- Born: Harvey Ben Kinchlow December 27, 1936 Uvalde, Texas, US
- Died: July 18, 2019 (aged 82) Virginia Beach, Virginia, US
- Resting place: Albert G. Horton Jr. Memorial Veterans Cemetery, Suffolk, Virginia
- Occupations: Christian evangelist, television/radio talk show host, author
- Years active: 1971–2019
- Notable work: The 700 Club
- Political party: Republican
- Spouse: Vivian Carolyn Jordan ​ ​(m. 1959; died 2014)​
- Children: 3
- Allegiance: United States
- Branch: United States Air Force
- Rank: Staff sergeant
- Conflicts: Vietnam War

= Ben Kinchlow =

American television evangelist (1936–2019)

Harvey Ben Kinchlow (December 27, 1936 – July 18, 2019) was an American evangelist who co-hosted The 700 Club from 1975 to 1988 and again from 1992 to 1996. He also hosted other shows on the Christian Broadcasting Network such as Straight Talk and a radio talk show, Taking It to the Streets.

==Early life and education==
Ben Kinchlow was born and raised in Uvalde, Texas, the son of a Methodist minister. Kinchlow received his elementary and secondary education during the 1940s in what was then the Nicolas School, a tiny building which was located in the center of East Uvalde city park, which was the last segregated campus for the city's black students, operating exclusively for Blacks from 1938 until 1955.
He served in the United States Air Force for thirteen years and was a veteran of the Vietnam War.

He rediscovered Christianity in the 1970s after a period as a Black Nationalist influenced by Malcolm X and the Black Muslims.
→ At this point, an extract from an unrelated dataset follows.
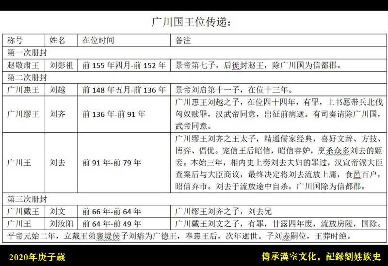 泗水王位传递次序为:1泗水思王刘商→2泗水哀王刘安世→3泗水戴王刘贺→4泗水勤王刘综→5泗水戾王刘骏→6泗水王刘靖。

He earned his MBA, later becoming a born-again Christian. Soon thereafter, in 1971, he was ordained as an African Methodist Episcopal Church minister.

==Career==
Kinchlow became the executive director of a Christian drug and rehabilitation center and appeared as a guest on The 700 Club in 1971 in order to speak about the people he saw coming to Christ through the center. He was asked back to host the show while Pat Robertson was in Israel, and in 1975 he became The 700 Clubs director of counseling. In 1982, he became 700 Club co-host and Christian Broadcasting Network vice-president for domestic ministries, in 1985, he was promoted to executive vice-president. He left CBN and The 700 Club in 1996 to pursue an independent ministry.
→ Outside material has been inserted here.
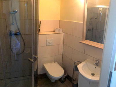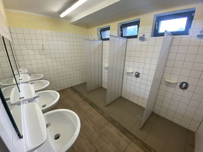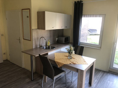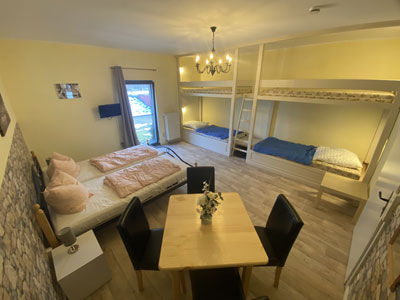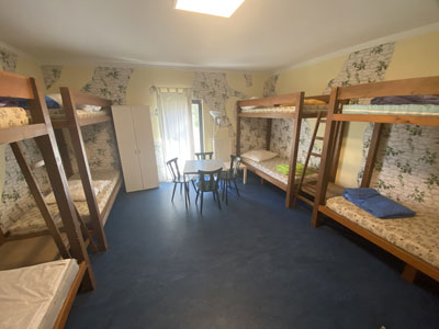 GÄSTEHAUS Für große Gruppen stehen im Gästehaus 3 Sechsbettzimmer und 3 Achtbettzimmer zur Verfügung. Moderne Gemeinschaftssanitärräume für Damen und Herren und ein Behindertenbad mit Dusche und eine Teeküche sind auf dem Gang. 2 Appartements mit kleinen Küchen und eigenem Bad und ein Doppelzimmer mit Bad sind im hinteren Teil des Gästehauses untergebracht. Über Terrassentüren gelangen Sie direkt in den Garten.

Kinchlow was the founder of Americans for Israel and the co-host of the Front Page Jerusalem radio show.

Kinchlow was president and co-founder of Brio TV which launched in 2015 as a subscription-based streaming service with television affiliates focused on providing positive, faith-driven content for individuals and families. He hosted the platform's flagship program Ben Kinchlow's Real America.

He was also a commentary contributor to WorldNetDaily, a conservative news website.

==Personal life and death==
Kinchlow was married to Vivian Carolyn Jordan Kinchlow from 1959 until her death in 2014. They had three sons.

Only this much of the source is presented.